Each line below from the line with "Ring Yellow gold" to the line with "Run-On Sentences and .Comma Splices Run-On" must be copied exactly, including those two, and no picture may appear in the copy.

* [Data shown]:

——

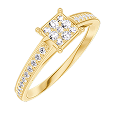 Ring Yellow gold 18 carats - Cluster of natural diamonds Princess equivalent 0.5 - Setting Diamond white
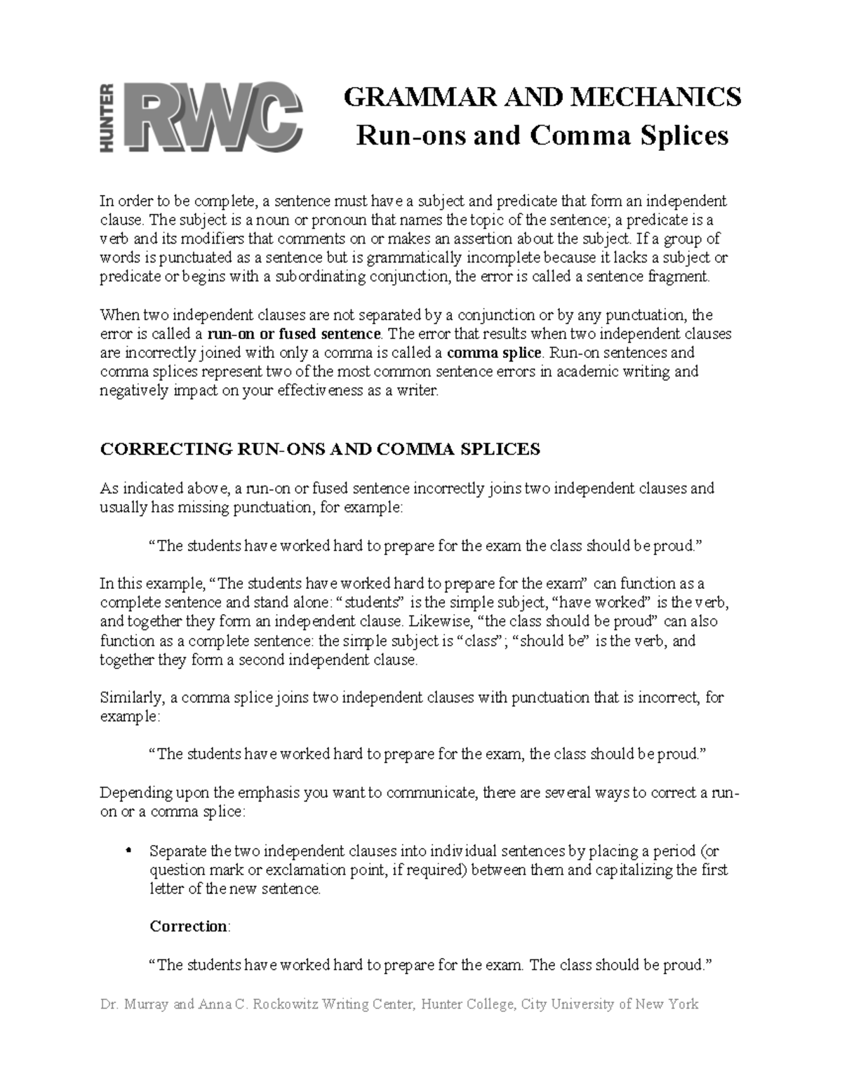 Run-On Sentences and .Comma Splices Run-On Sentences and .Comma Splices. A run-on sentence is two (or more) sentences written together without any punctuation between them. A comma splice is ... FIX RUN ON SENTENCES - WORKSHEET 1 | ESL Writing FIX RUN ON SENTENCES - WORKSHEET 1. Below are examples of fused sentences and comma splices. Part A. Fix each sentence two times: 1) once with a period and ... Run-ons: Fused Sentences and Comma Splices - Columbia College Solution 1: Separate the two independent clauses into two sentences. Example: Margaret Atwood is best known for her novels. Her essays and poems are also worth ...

——

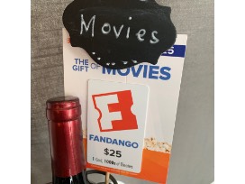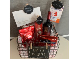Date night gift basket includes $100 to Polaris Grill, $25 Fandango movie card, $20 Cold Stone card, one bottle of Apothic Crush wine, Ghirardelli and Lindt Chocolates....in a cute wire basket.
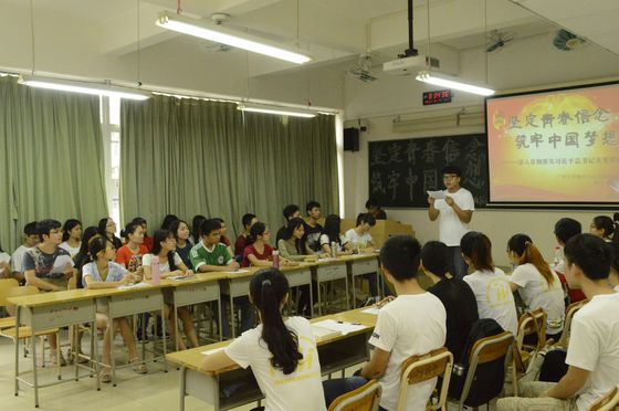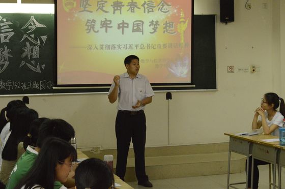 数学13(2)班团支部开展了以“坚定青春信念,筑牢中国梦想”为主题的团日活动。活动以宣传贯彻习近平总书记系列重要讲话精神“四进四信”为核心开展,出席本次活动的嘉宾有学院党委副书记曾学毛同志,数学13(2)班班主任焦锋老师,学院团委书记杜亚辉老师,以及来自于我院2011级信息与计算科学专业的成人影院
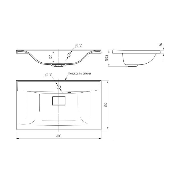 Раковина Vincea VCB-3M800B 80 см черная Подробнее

——

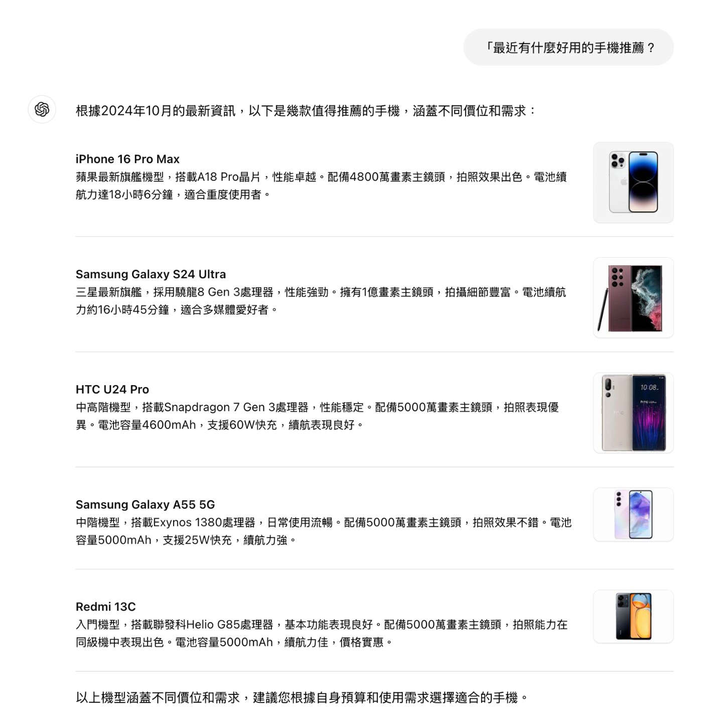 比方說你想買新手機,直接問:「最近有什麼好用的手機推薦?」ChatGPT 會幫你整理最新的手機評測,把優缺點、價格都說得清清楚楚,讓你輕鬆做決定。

——

* [Reply]:
 Ring Yellow gold 18 carats - Cluster of natural diamonds Princess equivalent 0.5 - Setting Diamond white
 Run-On Sentences and .Comma Splices Run-On Sentences and .Comma Splices. A run-on sentence is two (or more) sentences written together without any punctuation between them. A comma splice is ... FIX RUN ON SENTENCES - WORKSHEET 1 | ESL Writing FIX RUN ON SENTENCES - WORKSHEET 1. Below are examples of fused sentences and comma splices. Part A. Fix each sentence two times: 1) once with a period and ... Run-ons: Fused Sentences and Comma Splices - Columbia College Solution 1: Separate the two independent clauses into two sentences. Example: Margaret Atwood is best known for her novels. Her essays and poems are also worth ...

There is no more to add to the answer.